Говоря о разных ролях в системе, сложившейся в XVII веке, нужно рассмотреть взаимоотношения Тартюфа со всеми обитателями дома Оргона.

Набожный и скромный с Оргоном, Тартюф страстен и красноречив с его женой Эльмирой. Она в свою очередь замечает выгодное отличие Тартюфа от её супруга. Угрожая Тартюфу, что расскажет Оргону о пылких признаниях, Эльмира вовсе не стремится избавиться от приживальщика. Её тоже в некотором смысле устраивает Тартюф как пылкий воздыхатель.

К несчастью, лицемер ничем не может угодить Дамису, ведь с приходом в дом Тартюфа последнему достанется только «вторая роль». И Дамиса, и Ма-риану Тартюф раздражает прежде всего тем, что он является воплощением мечты их отца (Оргона) и бабки. Примечательно, что хозяева дома демонстрируют Тартюфу, что он в некотором смысле прав: один человек всё время пытается превратить другого в куклу, заставить играть под себя какую-либо роль.

Успех же зависит от того, будет ли играть эту роль человек или же нет, наденет на себя маску или останется в истинном обличии.
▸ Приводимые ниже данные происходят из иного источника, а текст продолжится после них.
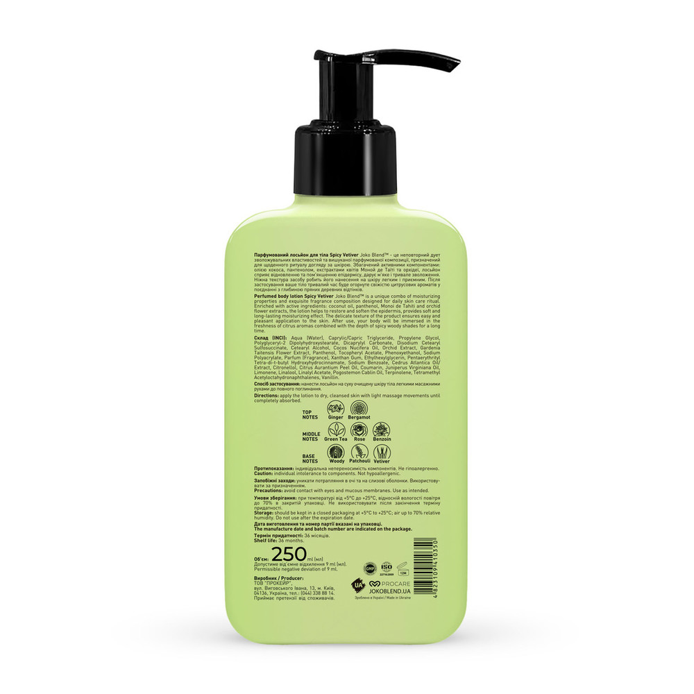 Парфюмированный лосьон для тела Spicy Vetiver Joko Blend™ - это неповторимый дуэт увлажняющих свойств и изысканной парфюмерной композиции, предназначенный для ежедневного ритуала ухода за кожей.
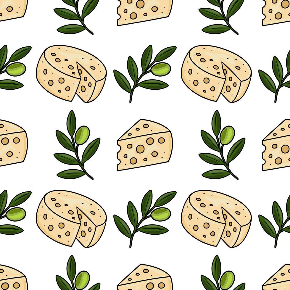 Seamless pattern featuring hand-drawn illustrations of cheese wheels, cheese wedges, and olive branches, creating a charming and appetizing design ideal for culinary branding or packaging. Pro Vector
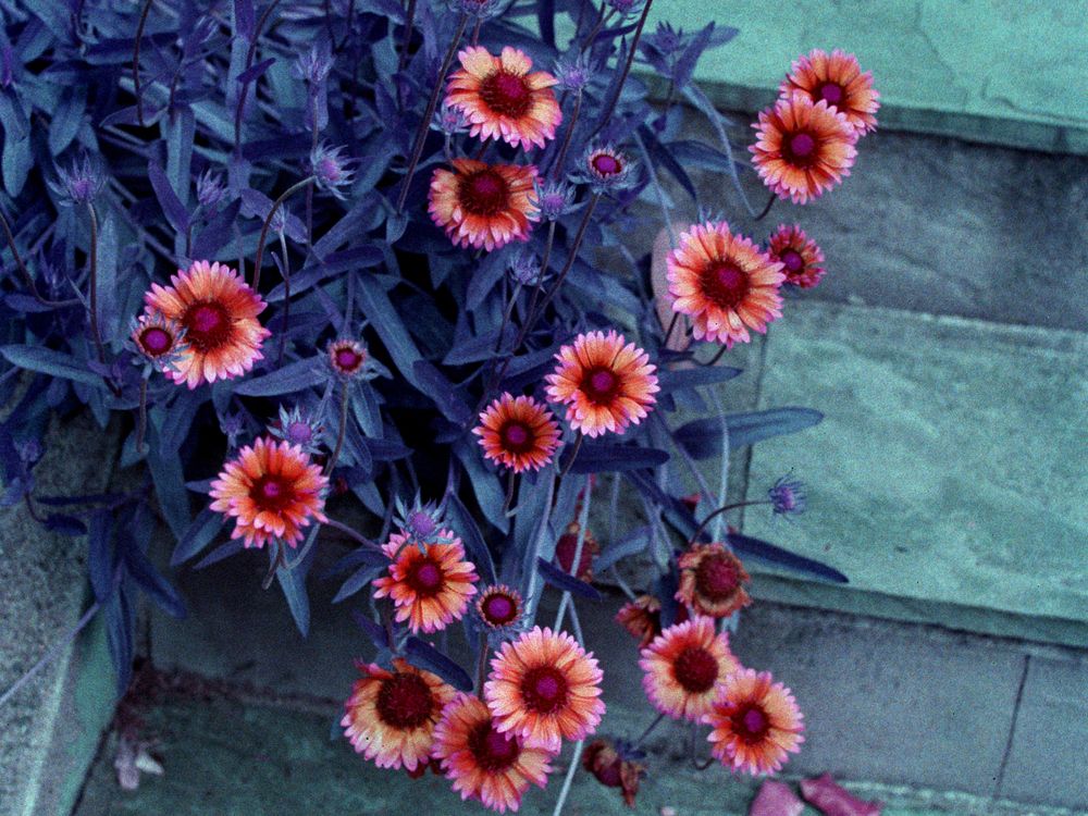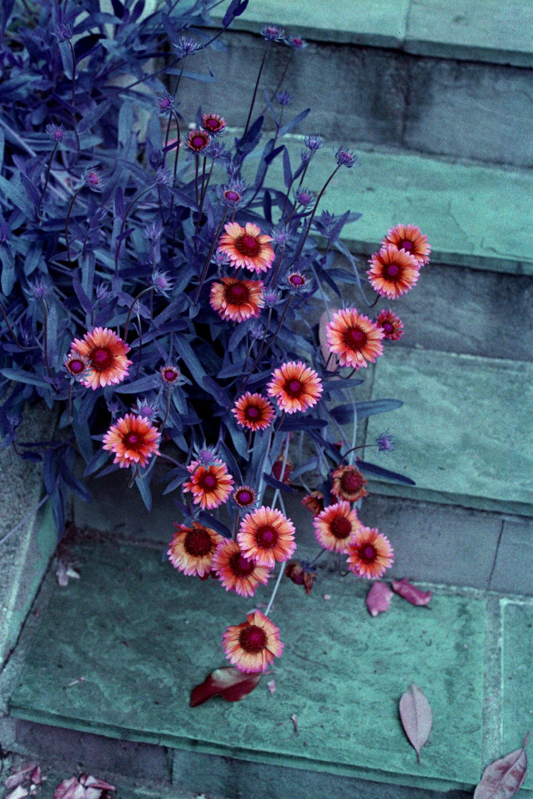 Flowers falling over slate stairs, with colors shifted by using Lomochrome Purple film.
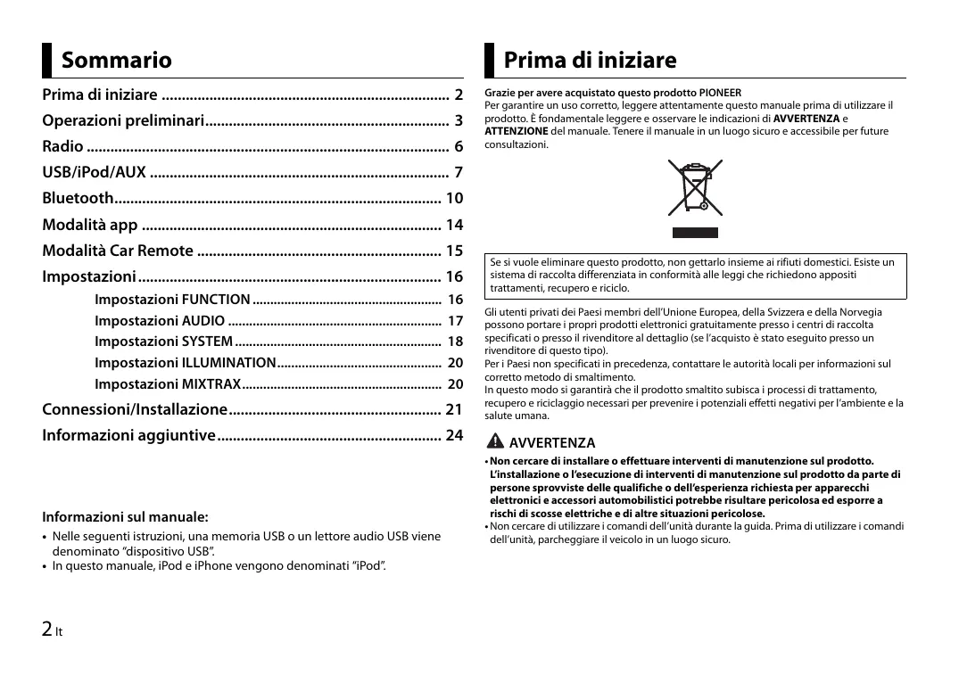 MVH-X380BT - Autoradio Bluetooth PIONEER - Manuale utente e istruzioni gratuiti

Тартюф убеждён в том, что любую ложь, любую маску можно оправдать тем, что этой лжи, этой маски ожидают и требуют. Отличительная черта Тартюфа в том, что он не подсознательно, а осознанно пользуется открытым им механизмом человеческих отношений. Более того, Тартюф пытается поставить и других героев на своё место, «загнать» их в положение вынужденных лицемеров. И это ему почти удаётся, когда после истории с опасными бумагами, отданными ему на сохранение Ор-гоном, Клеант советует всем быть с Тартюфом «поласковее».
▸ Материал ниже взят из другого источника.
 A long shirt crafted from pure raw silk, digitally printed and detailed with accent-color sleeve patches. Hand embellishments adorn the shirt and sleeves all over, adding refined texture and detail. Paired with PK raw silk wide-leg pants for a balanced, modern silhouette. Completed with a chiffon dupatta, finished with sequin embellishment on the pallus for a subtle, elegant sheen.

Интересно и то, что у Тартюфа нет заранее обдуманного плана погубить Оргона. Тартюф за свою игру как бы ничего не просит. Имущество, рука Ма-рианы ему навязываются Оргоном, для того только, чтобы сильнее привязать его к себе. Тартюф, может быть, с удовольствием и дальше разыгрывал роль «домашнего святого». Но дело в том, что он не в состоянии соответствовать каждому, совмещать столь различные роли. Это оказывается невозможным. Будучи уличённым в двойной игре, Тартюф считает себя имеющим право мстить. Это вытекает из его идеологии. Ведь он играл свою роль «честно», изображал того, кого хотели видеть. А Оргон сам разрушил свою мечту-иллюзию, подвергнув испытанию свой идеал. Если кто-то ради другого создаёт иллюзию воплощения идеала, то нужно ли его проверять? Оргон ведь сам создал этого «идеального человека» в лице Тартюфа, сам же его и уничтожил, подвергнув проверке. Из мечты он попал в реальность. Тартюф же старался поддерживать иллюзии Оргона.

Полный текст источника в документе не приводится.